Выбора не было: если не многократное рассеяние, то однократное. Отражение назад представилось как итог столкновения альфа–частицы с единичным атомом. Он — сквозной! — отбрасывал ее обратно.
Легонькие электроны противостоять тяжелой частице не могли. Оставалось предположить, что есть внутри атома массивная сердцевина, способная на единоборство с альфа–снарядом. Она мала по объему, раз атом почти пуст. Но в ней–то и сосредоточена его главная масса. И весь его положительный заряд, уравновешивающий отрицательный заряд блуждающих в атоме электронов.
В сквозной планетной системе проглянуло могучее Солнце. «Ужасающие силы» могли исходить именно и только от него. Для положительно заряженной альфа–частицы то были силы электрического отталкивания.
…Родилась идея атомного ядра!
Эта идея прекрасно работала. Малость атомной сердцевины хорошо объясняла редкость прямого отражения: для поворота назад частице требовалось подлететь совсем близко к ядру — быть очень прицельной. Только тогда могла она испытать всю мощь отталкивания. Но в крошечное ядро попасть было трудно. Оттого–то это удавалось лишь одной частице примерно на 8000. И другие подмеченные в опытах Гейгера—Марсдена закономерности объяснялись легко и непринужденно.
Теперь в руках Резерфорда было достаточно строительного материала для конструирования правдоподобной модели атома. В центре — ядро, как Солнце. На периферии — электроны, как планеты. Электроны притягиваются ядром, как всегда взаимно притягиваются разноименные заряды. Но электроны на ядро не падают. потому что пребывают, как планеты, в непрерывном вращении вокруг него. И притом — с достаточной скоростью, чтобы центробежная сила по законам классической механики уравновешивала центростремительную. Словом, точная микромодель огромной Солнечной системы.

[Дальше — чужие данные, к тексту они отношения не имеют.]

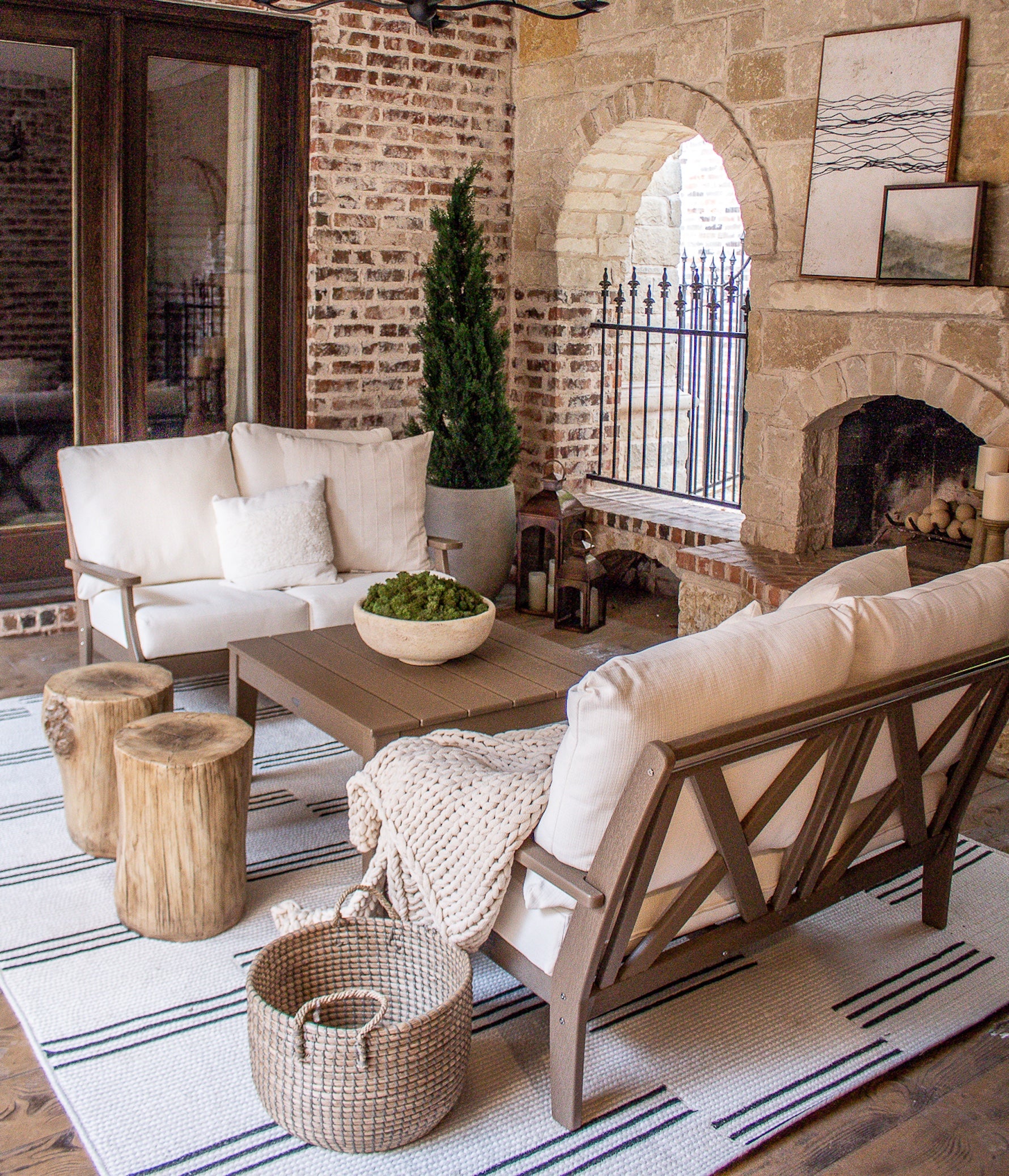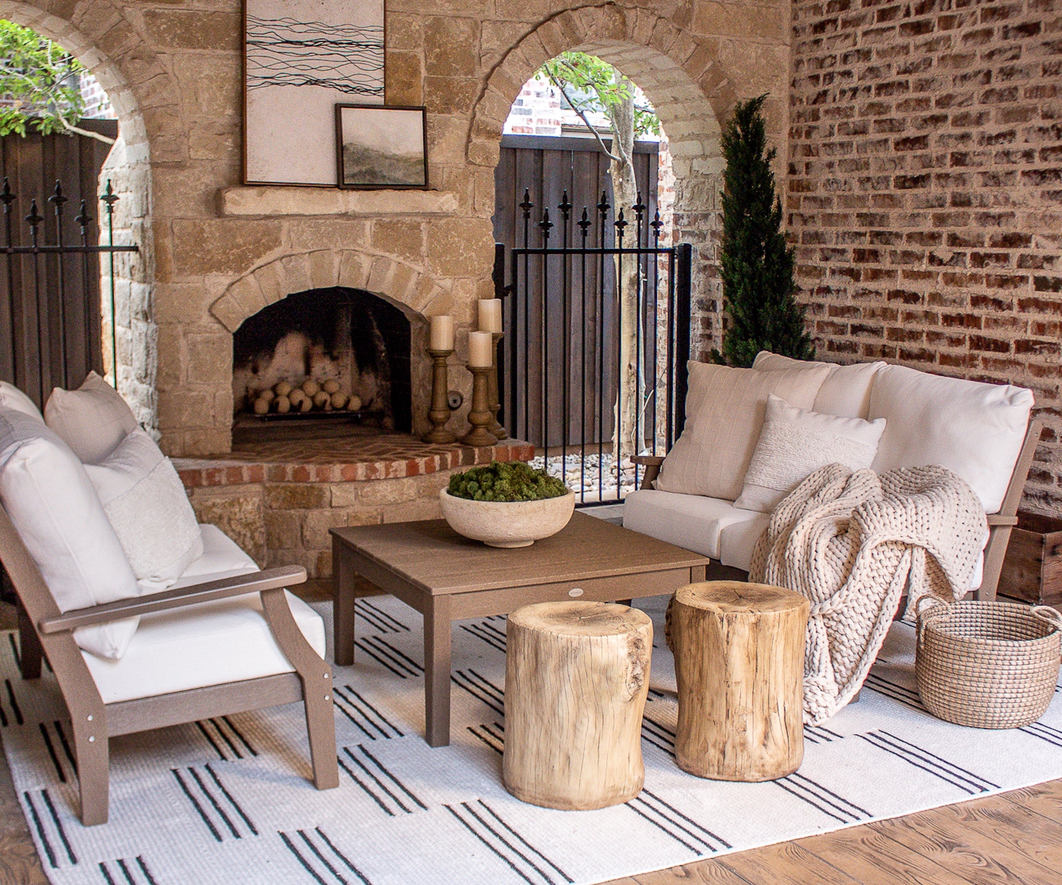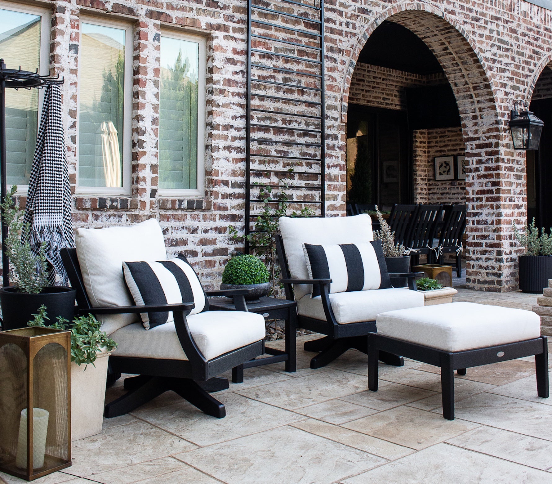 Keeping her outdoor layout in mind—as well as the Texas heat, humidity, and intense sun—Taryn used our Vineyard, Braxton, and Club Collections to bring her ideas to life. She took a warmer approach with the color scheme, blending brown hues into her beloved black-and-white palette. The neutral tones complemented the classic style while adding fresh modern vibes.
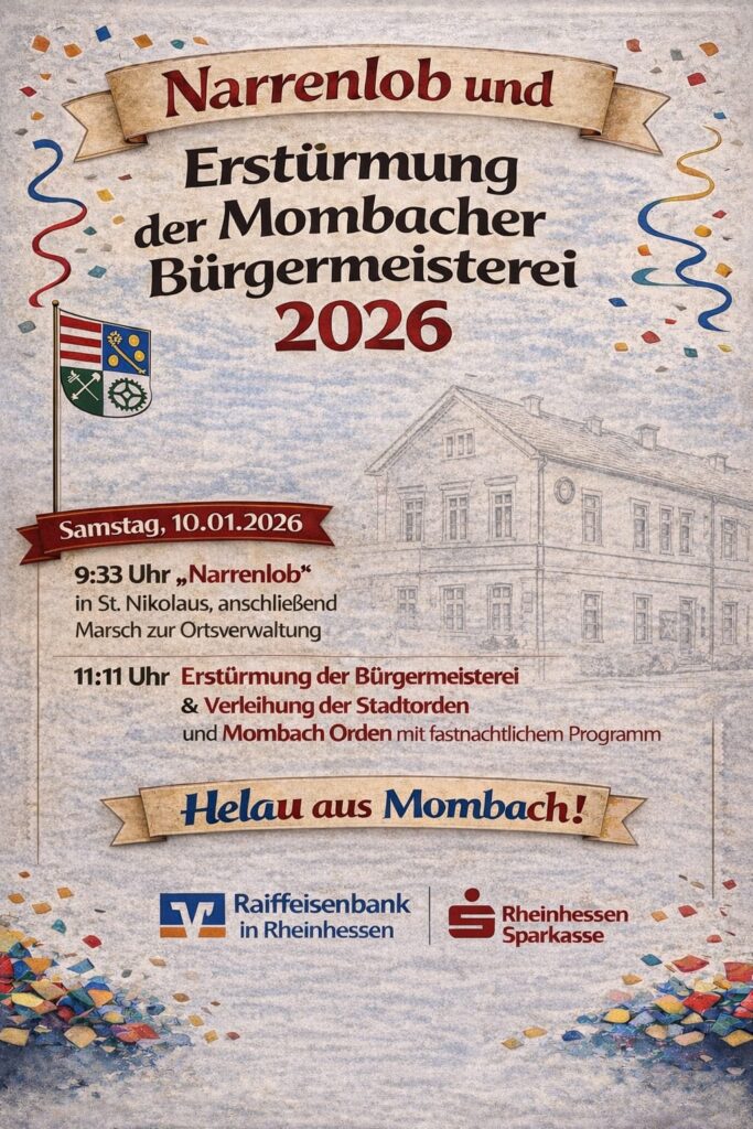 10.01.2026: Das alljährliche Narrenlob mit anschließender Erstürmung der Bürgermeisterei in Mainz-Mombach findet unter Beteiligung des Mombacher Underground Carneval Clubs statt.

И в один прекрасный день на рубеже 1910 — 1911 годов Резерфорд по праву громогласно объявил в лаборатории:
— Теперь я знаю, как выглядит атом!
7
Все–таки на что же ушли два года? Разве не довольно было долгого зимнего вечера, чтобы обмозговать все рассказанное (и еще многое здесь опущенное)? Весьма возможно, что Резерфорд и впрямь додумался до решения за один вечер. Легко допустить, что зрелище планетарного атома выступило перед его мысленным взором сразу. И даже с полной отчетливостью. Но в полной отчетливости и была беда: он тотчас должен был увидеть, что такой атом по классическим законам не мог существовать!
И все пришлось обдумывать сначала. Однако с тем же результатом. И завтра, и через месяц — с тем же удручающим результатом… Корень зла в том и заключался, что делало планетарную модель точным подобием Солнечной системы: планетоподобное вращение электронов вокруг ядра.
При вращении — даже равномерном — скорость вращения меняется непрерывно: оставаясь неизменной по величине, она все время становится другой по направлению. И потому вступает в действие один из законов классической теории электричества: когда заряды движутся с переменной скоростью, они излучают электромагнитную энергию. Как и что при этом происходит, точно описывается математически. Но представить происходящее в зримых образах трудно (если вообще возможно).
Тут не обойтись без отступления в сторону, на которое, по правде говоря, надо было решиться еще раньше…
…Зримые образы замыкают воображение в кругу предметно–вещественных явлений. Вещественных! Однако есть еще круг явлений иных — связанных с силовыми полями в пространстве.
Массы порождают поле сил тяготения.
Заряды — поле электромагнитных сил.
Пустота имеет свое устройство — она вовсе не пуста. И с термина «поле» начинается ее описание.
Этот термин — поэтическая метафора. Она намекает на нечто однообразное бескрайнее, окружающее все тела и как бы засеянное силами взаимодействия между ними. Потому и «поле».
Мне вспоминаются студенческие споры — попытки осязаемо и зримо материализовать математические символы.
Доносится через десятилетия голос сокурсника:
— У Тютчева есть строки — прямо о еловых полях: «Как океан объемлет шар земной, земная жизнь кругом объята снами…» Поля — это сны вещества. Сны наяву — и не бесплотные: «Небесный свод, горящий славой звездной, таинственно глядит из глубины. И мы плывем, пылающею бездной со всех сторон окружены…»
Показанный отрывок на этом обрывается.